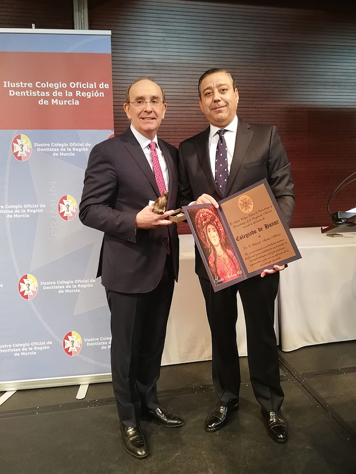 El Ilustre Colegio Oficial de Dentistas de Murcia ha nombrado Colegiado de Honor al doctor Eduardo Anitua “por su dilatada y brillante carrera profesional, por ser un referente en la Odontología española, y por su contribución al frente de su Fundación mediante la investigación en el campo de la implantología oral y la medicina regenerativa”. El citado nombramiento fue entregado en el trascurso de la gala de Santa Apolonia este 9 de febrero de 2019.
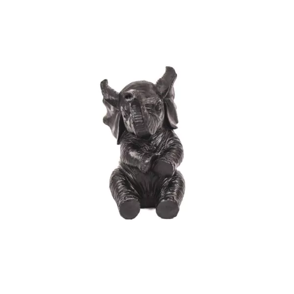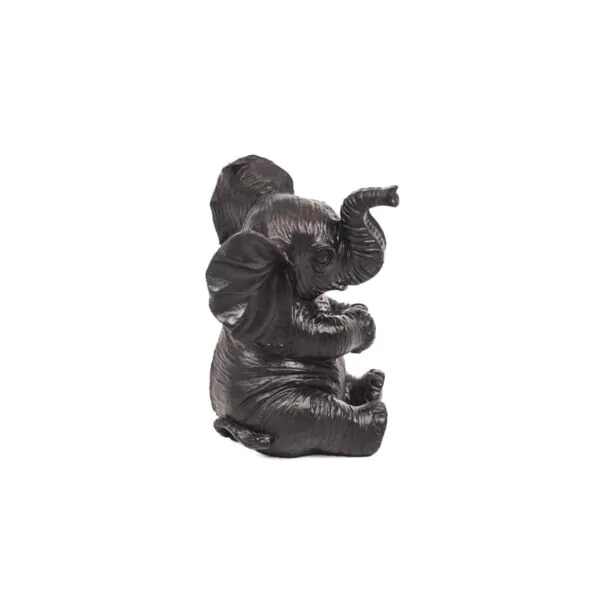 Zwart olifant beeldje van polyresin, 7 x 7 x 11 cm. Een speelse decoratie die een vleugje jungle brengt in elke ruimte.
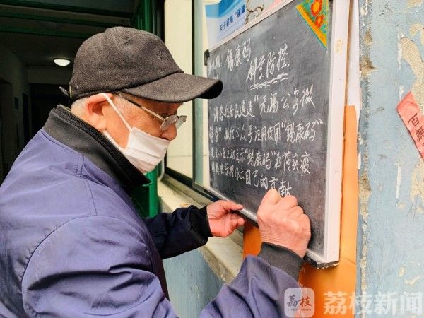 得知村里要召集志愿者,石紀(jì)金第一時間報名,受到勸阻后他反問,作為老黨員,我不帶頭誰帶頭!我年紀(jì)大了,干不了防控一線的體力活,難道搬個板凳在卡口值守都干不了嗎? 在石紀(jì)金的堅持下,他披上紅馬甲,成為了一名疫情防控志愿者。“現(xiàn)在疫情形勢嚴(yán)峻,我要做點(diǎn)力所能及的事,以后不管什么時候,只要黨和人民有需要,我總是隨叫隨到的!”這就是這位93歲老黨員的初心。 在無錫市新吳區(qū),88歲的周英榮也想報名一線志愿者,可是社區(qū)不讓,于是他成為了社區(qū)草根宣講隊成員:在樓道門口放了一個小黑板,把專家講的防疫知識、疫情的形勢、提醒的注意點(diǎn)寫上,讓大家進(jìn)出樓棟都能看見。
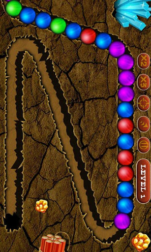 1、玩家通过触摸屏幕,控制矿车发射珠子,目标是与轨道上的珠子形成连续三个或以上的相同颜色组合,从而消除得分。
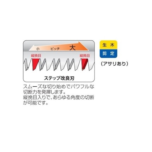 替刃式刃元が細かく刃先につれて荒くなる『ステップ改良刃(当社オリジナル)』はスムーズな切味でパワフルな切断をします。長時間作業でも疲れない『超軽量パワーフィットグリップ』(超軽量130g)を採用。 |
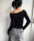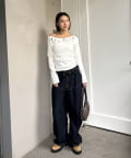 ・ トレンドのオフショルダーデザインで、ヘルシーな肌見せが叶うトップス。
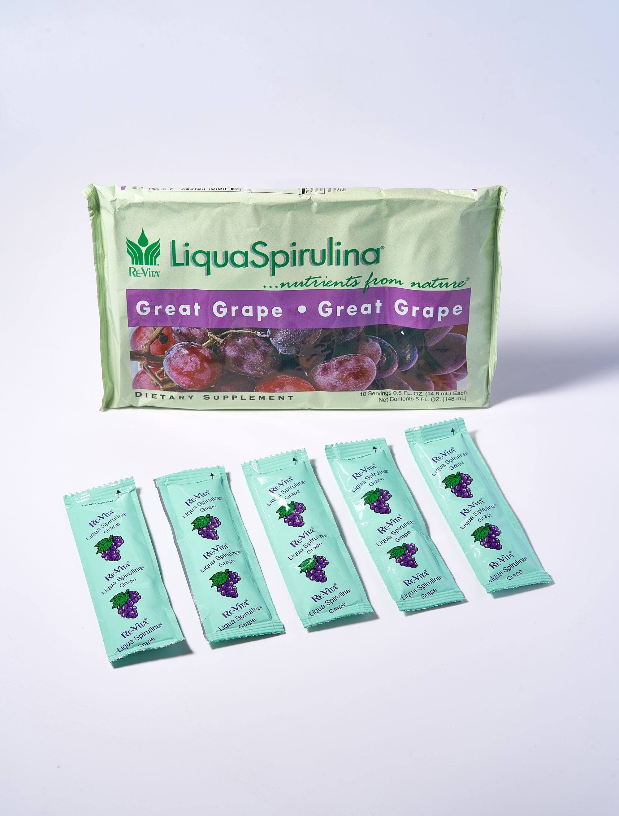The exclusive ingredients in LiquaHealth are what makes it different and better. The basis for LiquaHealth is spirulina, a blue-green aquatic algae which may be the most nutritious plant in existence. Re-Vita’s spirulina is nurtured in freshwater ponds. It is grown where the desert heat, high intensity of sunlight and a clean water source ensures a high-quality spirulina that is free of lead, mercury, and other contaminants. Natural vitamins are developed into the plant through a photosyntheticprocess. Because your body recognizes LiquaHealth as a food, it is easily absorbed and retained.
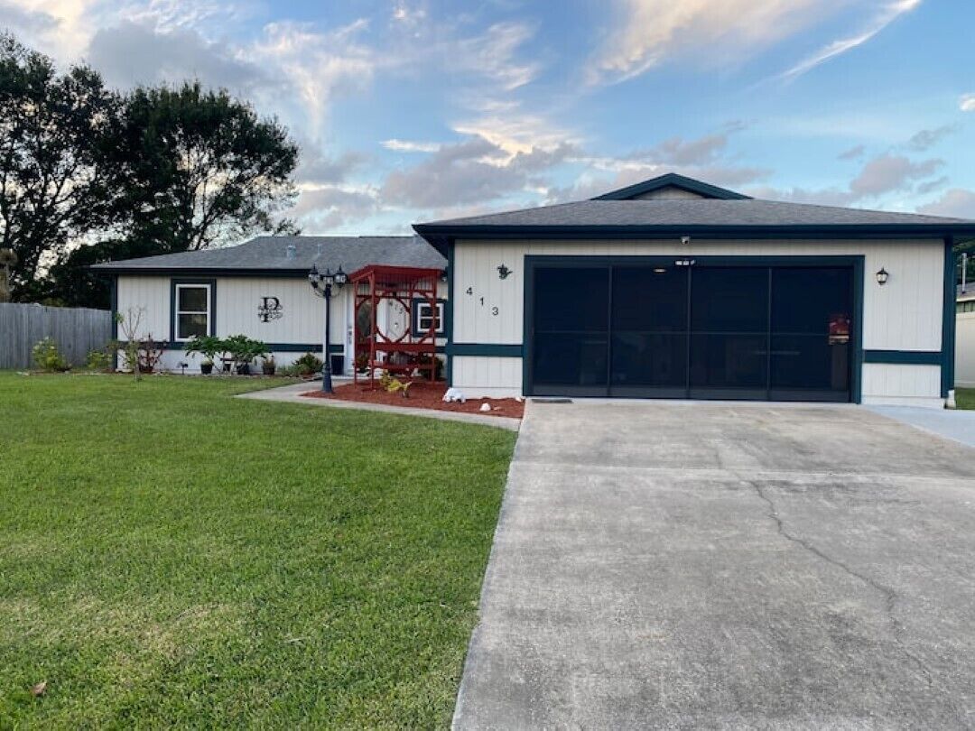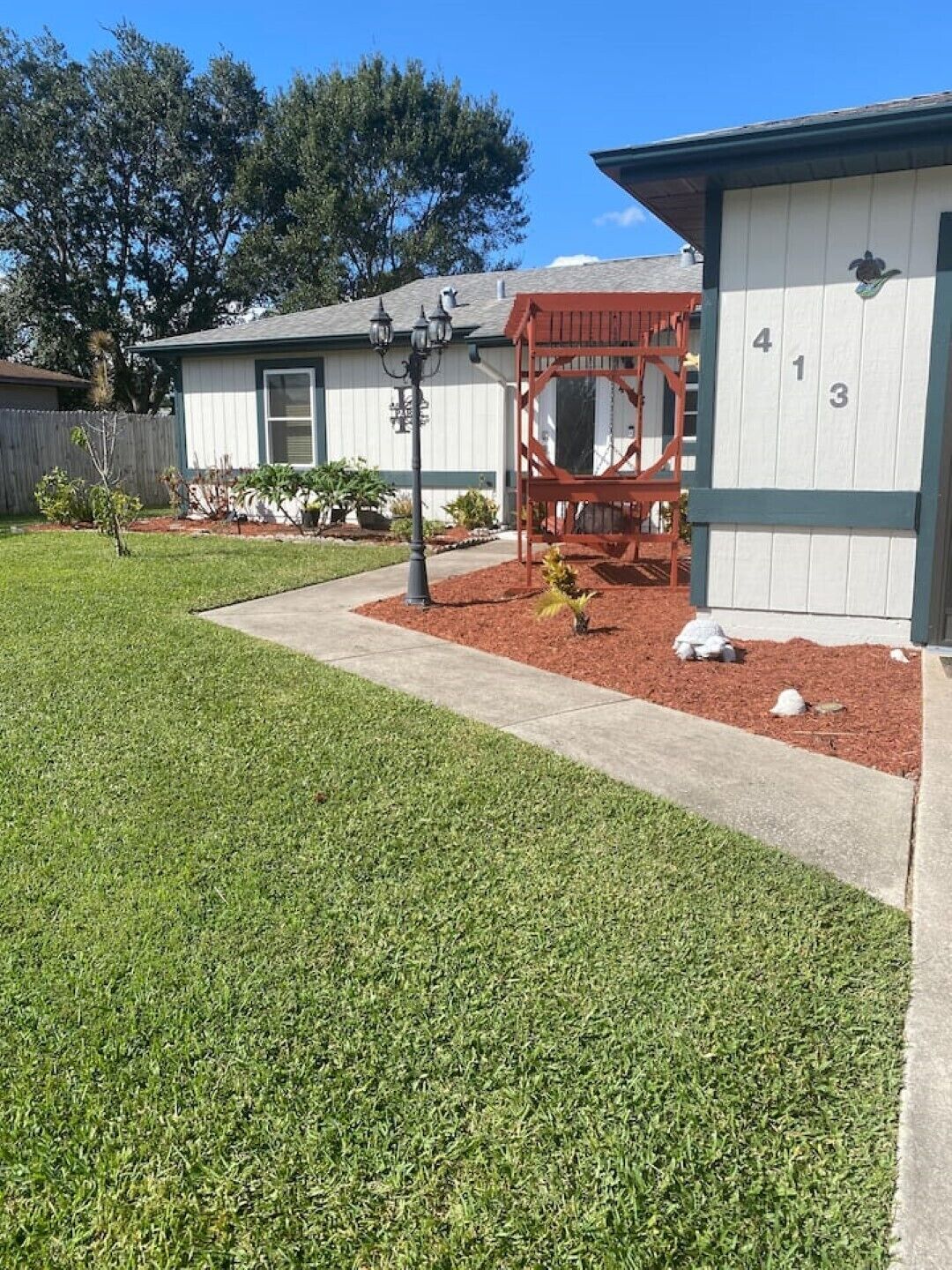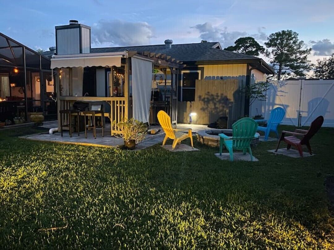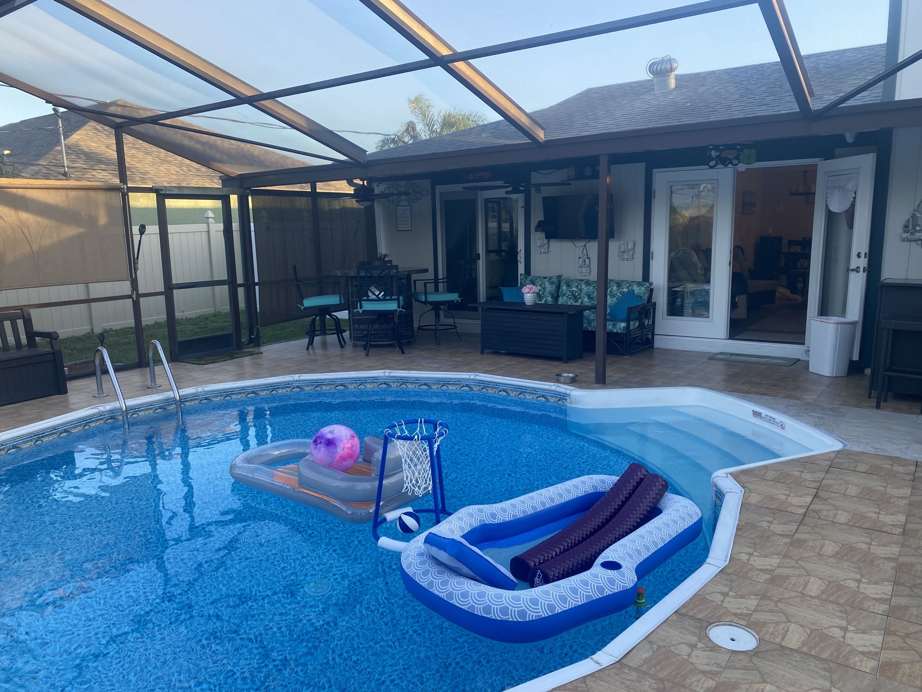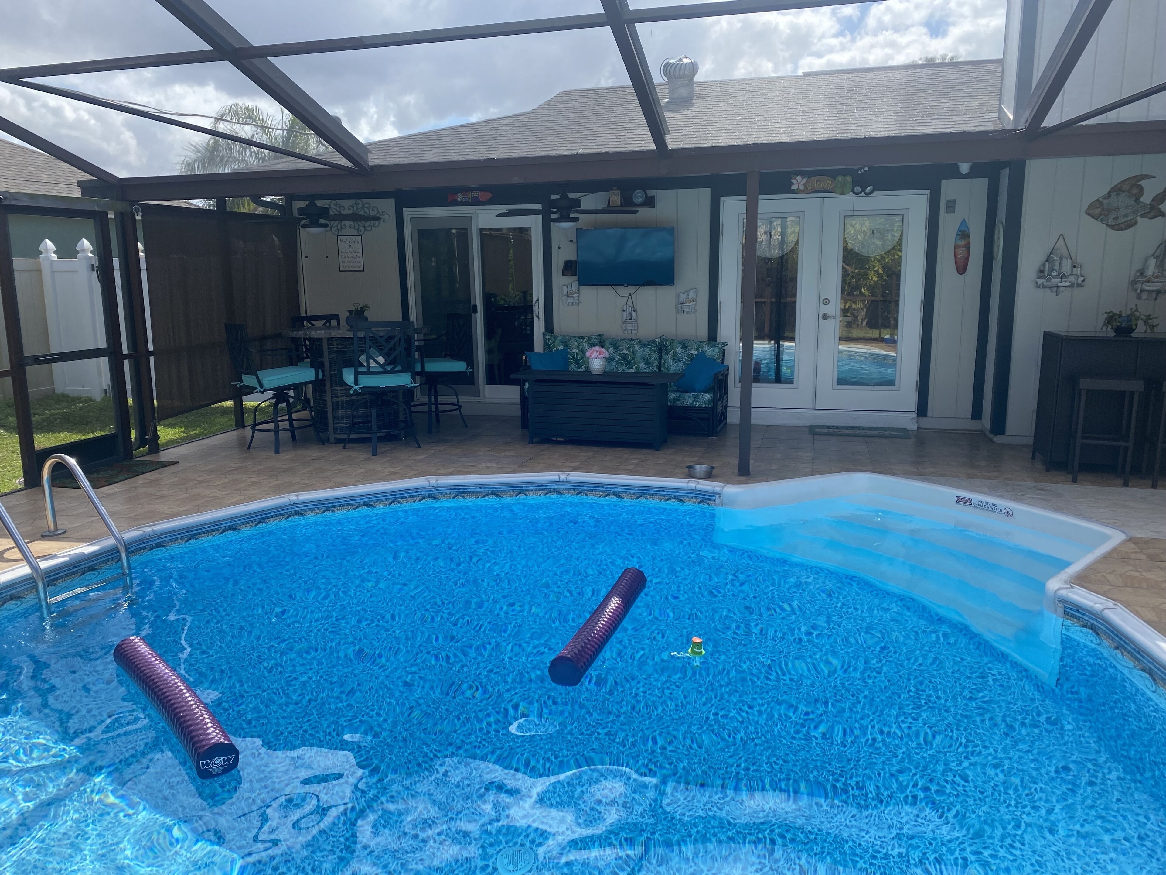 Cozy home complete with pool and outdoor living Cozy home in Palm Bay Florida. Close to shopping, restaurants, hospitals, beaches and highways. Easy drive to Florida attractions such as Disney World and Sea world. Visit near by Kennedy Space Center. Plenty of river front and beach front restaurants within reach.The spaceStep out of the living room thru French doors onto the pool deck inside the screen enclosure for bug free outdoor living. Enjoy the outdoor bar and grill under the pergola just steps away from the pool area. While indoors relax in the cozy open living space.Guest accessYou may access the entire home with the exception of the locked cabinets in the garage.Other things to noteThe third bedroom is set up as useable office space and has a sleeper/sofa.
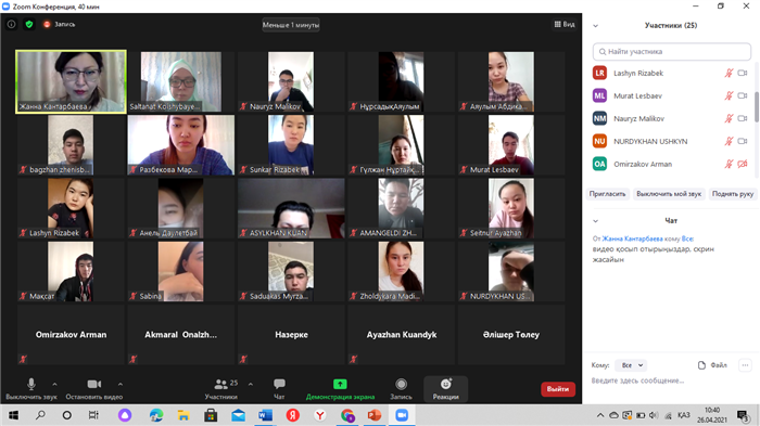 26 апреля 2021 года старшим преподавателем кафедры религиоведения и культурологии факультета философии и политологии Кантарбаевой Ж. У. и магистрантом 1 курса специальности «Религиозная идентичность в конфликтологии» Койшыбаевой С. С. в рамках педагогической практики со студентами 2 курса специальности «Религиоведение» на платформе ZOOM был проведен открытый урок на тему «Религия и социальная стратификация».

=====

Copy out the whole listing exactly, and don't carry over any pictures.

Solution below:
 El Ilustre Colegio Oficial de Dentistas de Murcia ha nombrado Colegiado de Honor al doctor Eduardo Anitua “por su dilatada y brillante carrera profesional, por ser un referente en la Odontología española, y por su contribución al frente de su Fundación mediante la investigación en el campo de la implantología oral y la medicina regenerativa”. El citado nombramiento fue entregado en el trascurso de la gala de Santa Apolonia este 9 de febrero de 2019.
 Zwart olifant beeldje van polyresin, 7 x 7 x 11 cm. Een speelse decoratie die een vleugje jungle brengt in elke ruimte.
 得知村里要召集志愿者,石紀(jì)金第一時間報名,受到勸阻后他反問,作為老黨員,我不帶頭誰帶頭!我年紀(jì)大了,干不了防控一線的體力活,難道搬個板凳在卡口值守都干不了嗎? 在石紀(jì)金的堅持下,他披上紅馬甲,成為了一名疫情防控志愿者。“現(xiàn)在疫情形勢嚴(yán)峻,我要做點(diǎn)力所能及的事,以后不管什么時候,只要黨和人民有需要,我總是隨叫隨到的!”這就是這位93歲老黨員的初心。 在無錫市新吳區(qū),88歲的周英榮也想報名一線志愿者,可是社區(qū)不讓,于是他成為了社區(qū)草根宣講隊成員:在樓道門口放了一個小黑板,把專家講的防疫知識、疫情的形勢、提醒的注意點(diǎn)寫上,讓大家進(jìn)出樓棟都能看見。
 1、玩家通过触摸屏幕,控制矿车发射珠子,目标是与轨道上的珠子形成连续三个或以上的相同颜色组合,从而消除得分。
 替刃式刃元が細かく刃先につれて荒くなる『ステップ改良刃(当社オリジナル)』はスムーズな切味でパワフルな切断をします。長時間作業でも疲れない『超軽量パワーフィットグリップ』(超軽量130g)を採用。 |
 ・ トレンドのオフショルダーデザインで、ヘルシーな肌見せが叶うトップス。
The exclusive ingredients in LiquaHealth are what makes it different and better. The basis for LiquaHealth is spirulina, a blue-green aquatic algae which may be the most nutritious plant in existence. Re-Vita’s spirulina is nurtured in freshwater ponds. It is grown where the desert heat, high intensity of sunlight and a clean water source ensures a high-quality spirulina that is free of lead, mercury, and other contaminants. Natural vitamins are developed into the plant through a photosyntheticprocess. Because your body recognizes LiquaHealth as a food, it is easily absorbed and retained.
 Cozy home complete with pool and outdoor living Cozy home in Palm Bay Florida. Close to shopping, restaurants, hospitals, beaches and highways. Easy drive to Florida attractions such as Disney World and Sea world. Visit near by Kennedy Space Center. Plenty of river front and beach front restaurants within reach.The spaceStep out of the living room thru French doors onto the pool deck inside the screen enclosure for bug free outdoor living. Enjoy the outdoor bar and grill under the pergola just steps away from the pool area. While indoors relax in the cozy open living space.Guest accessYou may access the entire home with the exception of the locked cabinets in the garage.Other things to noteThe third bedroom is set up as useable office space and has a sleeper/sofa.
 26 апреля 2021 года старшим преподавателем кафедры религиоведения и культурологии факультета философии и политологии Кантарбаевой Ж. У. и магистрантом 1 курса специальности «Религиозная идентичность в конфликтологии» Койшыбаевой С. С. в рамках педагогической практики со студентами 2 курса специальности «Религиоведение» на платформе ZOOM был проведен открытый урок на тему «Религия и социальная стратификация».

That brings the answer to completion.